The following listing illstrates the assembly code of the add.s program from the previous chapter:
1: .text 2: .global _start 3: _start: 4: li a0, 5 5: li a1, 4 6: add a0, a0, a1 7: stop: j stop
The code was changed a little to use a different set of registers. This program when assembled results in an object file which can then be linked to create the file that will be loaded onto the board. In this scenario, only the one object file is used, however, more complex programs may required more than one object file. The linker's job is to put all of these files together into a single executable program.
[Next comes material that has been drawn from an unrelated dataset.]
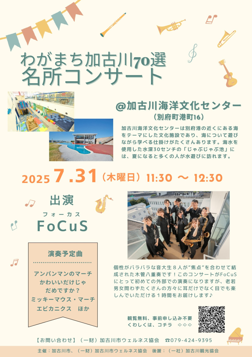 2025年7月31日(木)11時30分から、海洋文化センターで「わがまち加古川70選 名所コンサート」が開催されます。
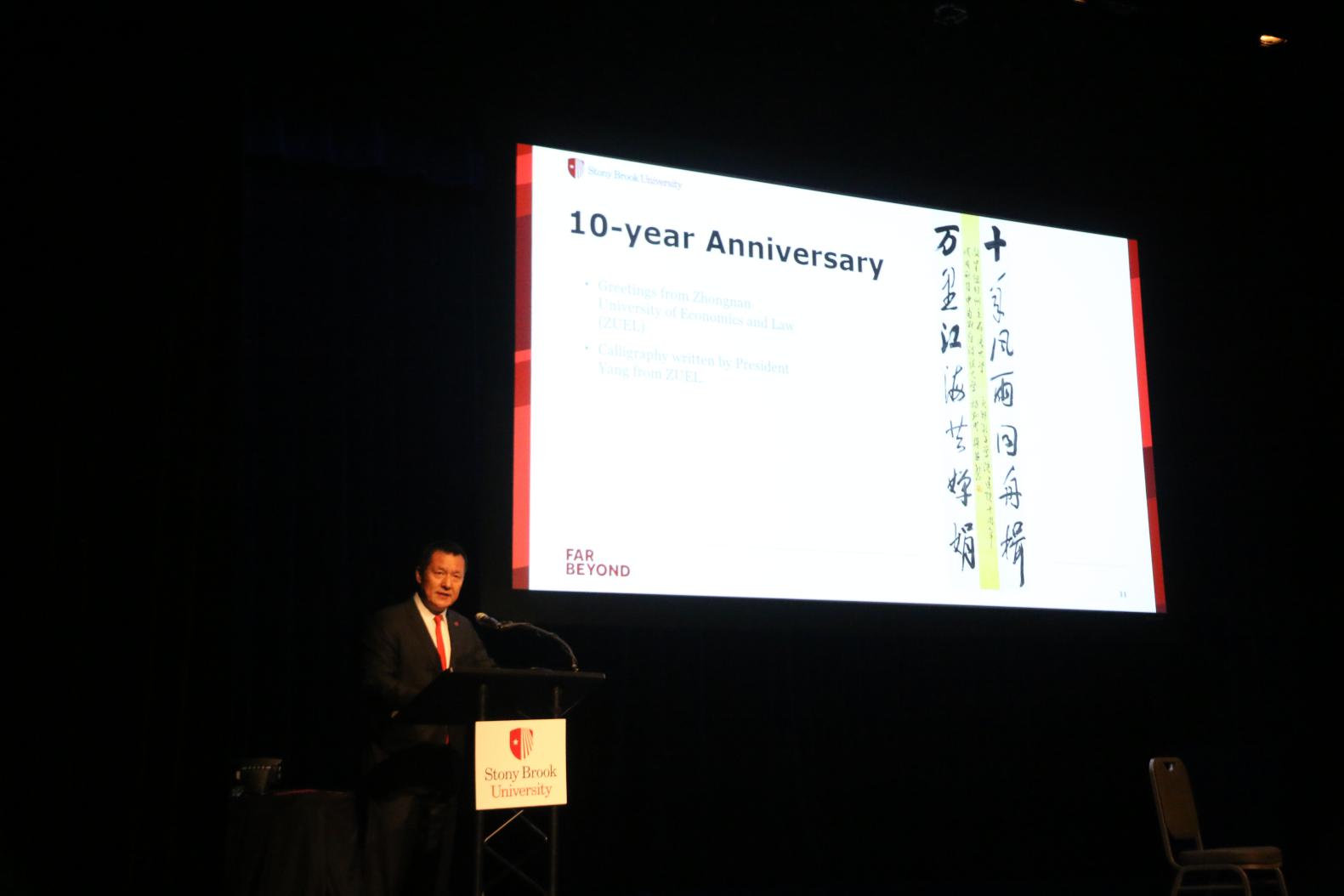 石溪大学副校长、孔子学院美方院长刘骏博士亲自主持了庆典仪式,他首先代表学校向参加本次活动的嘉宾朋友们致以热烈的欢迎。刘校长表示,此次活动意义重大,石溪大学孔子学院十年华诞,正值全球孔子学院日和中秋庆典之际,可谓三喜临门。

This add.s program is composed of one instruction (6), three pseudo-instructions (4 5, and 7), and two directives (1, 2). Moreover, the instructions and pseudo-instructions have operands comprised of either registers or immediates. Understanding each of these entities will help when creating more complex programs in RISC-V assembly.
Registers
RISC-V systems will have a base set of 32 registers x0-x31. The x0 register is read-only with a value fixed to zero. The rest will have varying content. The application binary interface (ABI) prescribes conventions for the name and usage of the various registers. These are listed in the following table:
Register(s) | ABI Name(s) | Description | Saved by |
---|---|---|---|
x0 | zero | Hard-wired zero | N/A |
x1 | ra | Function return address | Caller |
x2 | sp | Stack pointer | Callee |
x3 | gp | Global pointer | N/A |
x4 | tp | Thread pointer | N/A |
x5 | t0 | Temporary/alternate link register | Caller |
x6-x7 | t1-t2 | Temporary values | Caller |
x8 | s0/fp | Saved register/Frame pointer | Callee |
x9 | s1 | Saved register | Callee |
x10-x11 | a0-a1 | Function arguments/Return values | Caller |
x12-x17 | a2-a7 | Function arguments | Caller |
x18-x27 | s2-s11 | Saved registers | Callee |
x28-x31 | t3-t6 | Temporary values | Caller |
Registers can be referred by their ABI names or their actual names in assembly programs; the two are interchangeable.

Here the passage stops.